▶ [Exercise goal]
Strip out the pictures and output each remaining line of the data word for word.

Dataset excerpt Start Marker

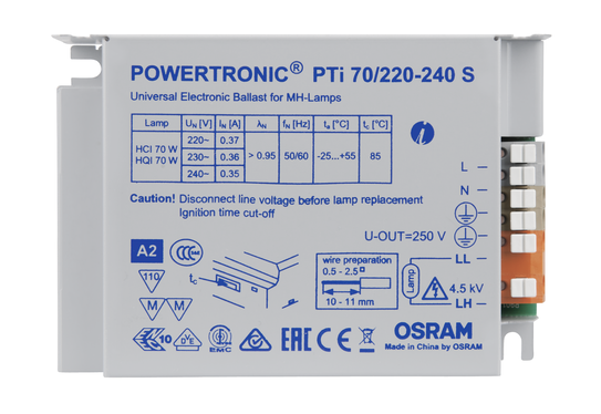 Сочетание металлогалогеннх ламп с ЭПРА: HCI-T, HQI-TS 70W.
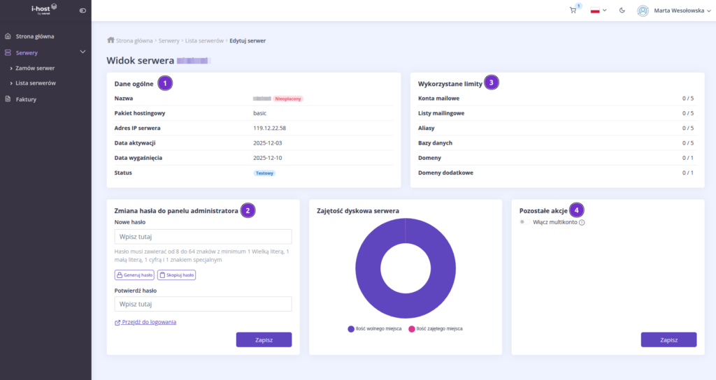 Zarządzaj swoimi serwerami łatwo i wygodnie dzięki naszemu panelowi klienta. Po zalogowaniu wybierz z menu po lewej stronie zakładkę Serwery i kliknij na interesujący Cię serwer, aby uzyskać dostęp do szczegółowych informacji.
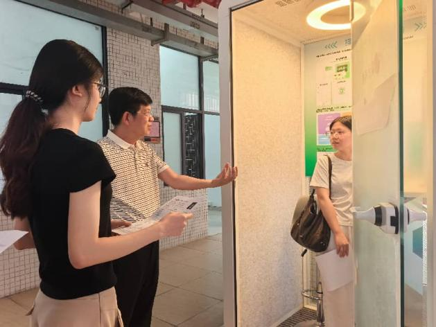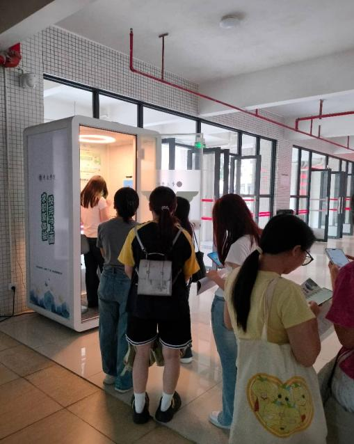 活动现场,紫荆书院的智能面试舱成为学生体验的重点。同学们一边等候智能舱使用,一边观看求职面试短视频,提前学习答题技巧;进入舱内沉浸式体验AI简历优化服务,凭借其便携高效的优势,快速发现简历整体问题,明确优化与完善方向。卢咏书记与学生亲切交流,了解大家的收获和心得,鼓励同学们要积极参与实践机会,通过多练习提升求职能力。

Dataset excerpt End Marker

▶ [Exercise answer]
 Сочетание металлогалогеннх ламп с ЭПРА: HCI-T, HQI-TS 70W.
 Zarządzaj swoimi serwerami łatwo i wygodnie dzięki naszemu panelowi klienta. Po zalogowaniu wybierz z menu po lewej stronie zakładkę Serwery i kliknij na interesujący Cię serwer, aby uzyskać dostęp do szczegółowych informacji.
 活动现场,紫荆书院的智能面试舱成为学生体验的重点。同学们一边等候智能舱使用,一边观看求职面试短视频,提前学习答题技巧;进入舱内沉浸式体验AI简历优化服务,凭借其便携高效的优势,快速发现简历整体问题,明确优化与完善方向。卢咏书记与学生亲切交流,了解大家的收获和心得,鼓励同学们要积极参与实践机会,通过多练习提升求职能力。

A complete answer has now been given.